%%

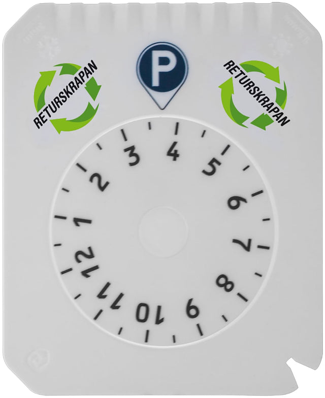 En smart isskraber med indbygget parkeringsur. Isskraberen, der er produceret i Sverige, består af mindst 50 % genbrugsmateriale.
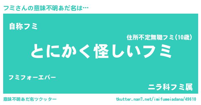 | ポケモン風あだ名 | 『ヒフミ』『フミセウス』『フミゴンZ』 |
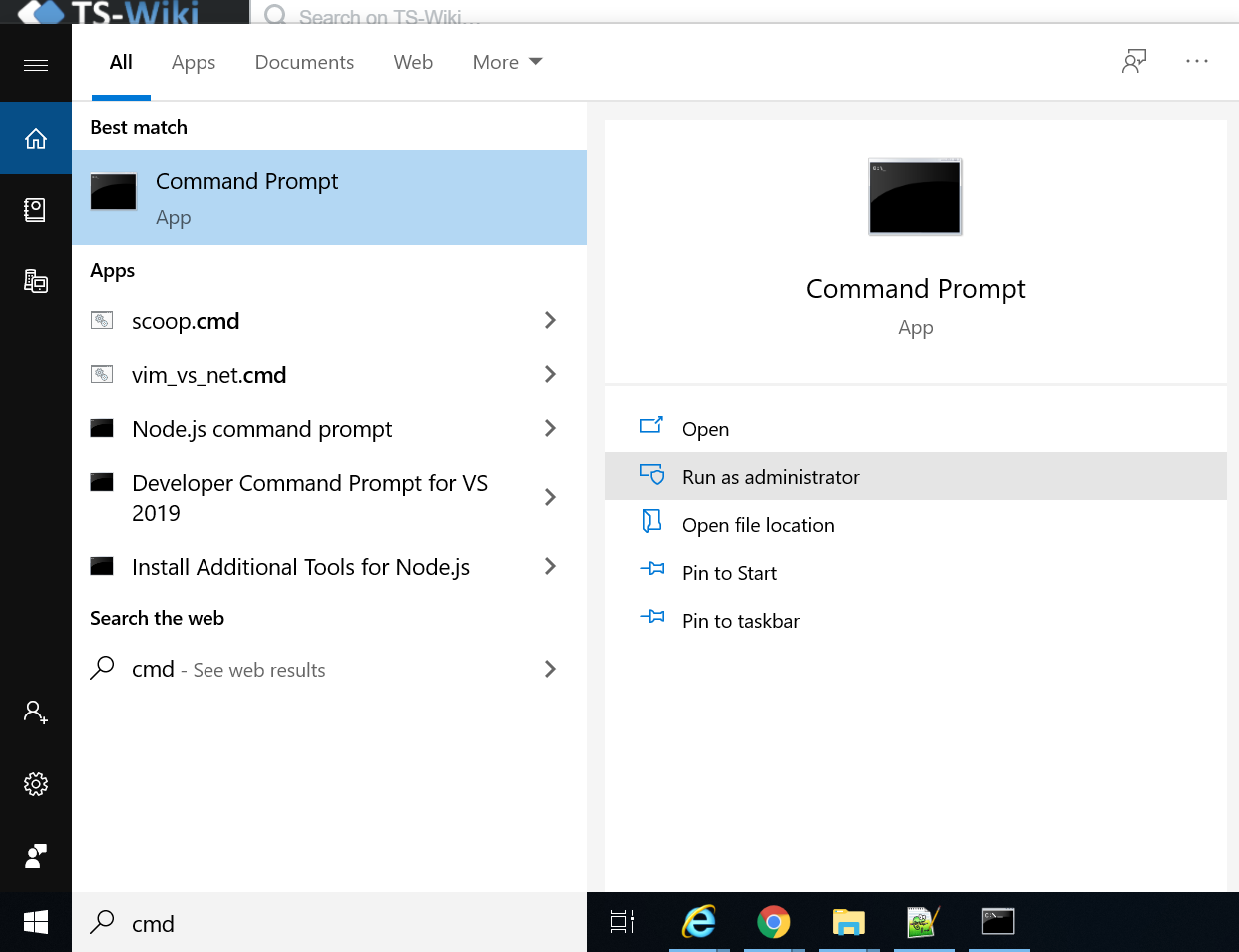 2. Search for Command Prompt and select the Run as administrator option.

%%
%%

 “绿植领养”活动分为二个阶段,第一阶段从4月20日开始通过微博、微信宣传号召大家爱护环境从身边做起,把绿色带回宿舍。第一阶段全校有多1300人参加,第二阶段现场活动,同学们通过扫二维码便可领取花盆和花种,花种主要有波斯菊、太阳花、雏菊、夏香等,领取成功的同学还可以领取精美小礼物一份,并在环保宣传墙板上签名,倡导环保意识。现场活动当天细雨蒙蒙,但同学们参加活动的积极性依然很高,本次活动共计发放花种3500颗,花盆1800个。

%%

Above are the records; copy from them only the lines starting at the one containing "En smart isskraber" and ending at the one containing "2. Search for", exactly and without pictures.

 En smart isskraber med indbygget parkeringsur. Isskraberen, der er produceret i Sverige, består af mindst 50 % genbrugsmateriale.
 | ポケモン風あだ名 | 『ヒフミ』『フミセウス』『フミゴンZ』 |
 2. Search for Command Prompt and select the Run as administrator option.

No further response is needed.